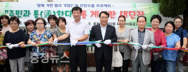 8일 가양2동 주민센터 앞에서는 28개 통 게시판의 새단장을 축하하는 기념행사가 한현택 동구청장, 이한몽 가양2동 MG새마을금고 이사장, 남승도 주민자치회장, 김성자 통장협의회장, 통장, 주민 등이 참석한 가운데 열렸다.
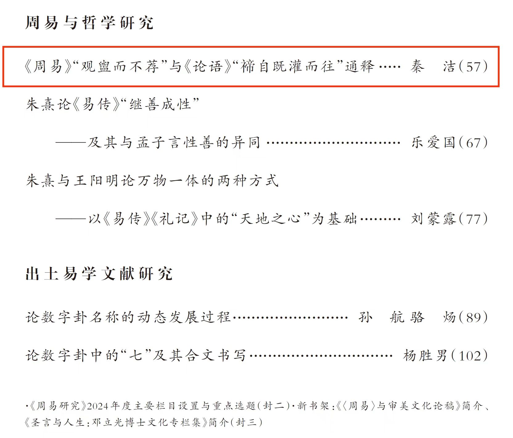 近日,山东大学易学与中国古代哲学研究中心助理研究员秦洁在《周易研究》2024年第5期上发表了题为《<周易>“观盥而不荐”与<论语>“禘自既灌而往”通释》的高质量论文。
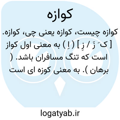 کوازه. [ ک َ زَ / زِ ] ( اِ ) به معنی اول کواز است که تنگ مسافران باشد. ( برهان ). به معنی کوزه ای است سرتنگ که مسافران برای خوردن آب با خود دارند. ( آنندراج ). تنگ آبخوری گردن کوتاه مسافران. ( ناظم الاطباء ). مصحف کرازه است. ( حاشیه برهان چ معین ). و رجوع به کرازه و کراز شود. || کشکول چوبین. ( انجمن آرا ). کچکول چوبین. ( آنندراج ):
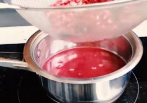 - Zahrievajte, kým sa cukor úplne nerozpustí, vyberte z tepla a pridať čerešňovú šťavu. Môžete použiť sito alebo odšťavovač.
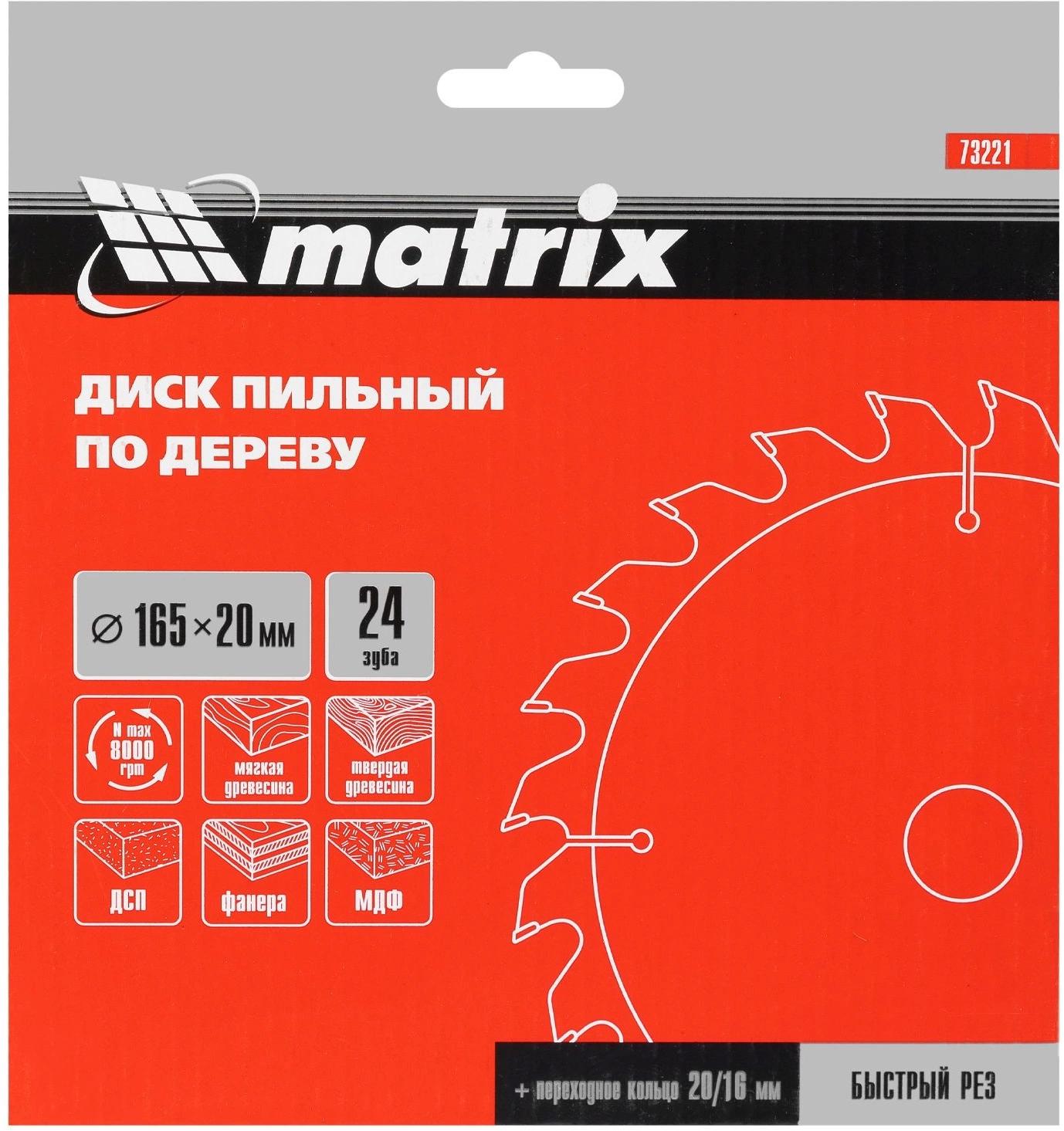 | Особенности | Пильный диск по дереву Matrix ф165х20 мм. 73221 с 24 зубьями и переходным кольцом 20/16 применяется в качестве оснастки на циркулярных и торцовочных пилах с соответствующим внутренним и внешним диаметром. |

____

◆ How to complete this task ◆
Restate, word for word and without pictures, the lines from the line containing "近日,山东大学易学与中国古代" to the last line of the records above.

◆ Task response ◆
 近日,山东大学易学与中国古代哲学研究中心助理研究员秦洁在《周易研究》2024年第5期上发表了题为《<周易>“观盥而不荐”与<论语>“禘自既灌而往”通释》的高质量论文。
 کوازه. [ ک َ زَ / زِ ] ( اِ ) به معنی اول کواز است که تنگ مسافران باشد. ( برهان ). به معنی کوزه ای است سرتنگ که مسافران برای خوردن آب با خود دارند. ( آنندراج ). تنگ آبخوری گردن کوتاه مسافران. ( ناظم الاطباء ). مصحف کرازه است. ( حاشیه برهان چ معین ). و رجوع به کرازه و کراز شود. || کشکول چوبین. ( انجمن آرا ). کچکول چوبین. ( آنندراج ):
 - Zahrievajte, kým sa cukor úplne nerozpustí, vyberte z tepla a pridať čerešňovú šťavu. Môžete použiť sito alebo odšťavovač.
 | Особенности | Пильный диск по дереву Matrix ф165х20 мм. 73221 с 24 зубьями и переходным кольцом 20/16 применяется в качестве оснастки на циркулярных и торцовочных пилах с соответствующим внутренним и внешним диаметром. |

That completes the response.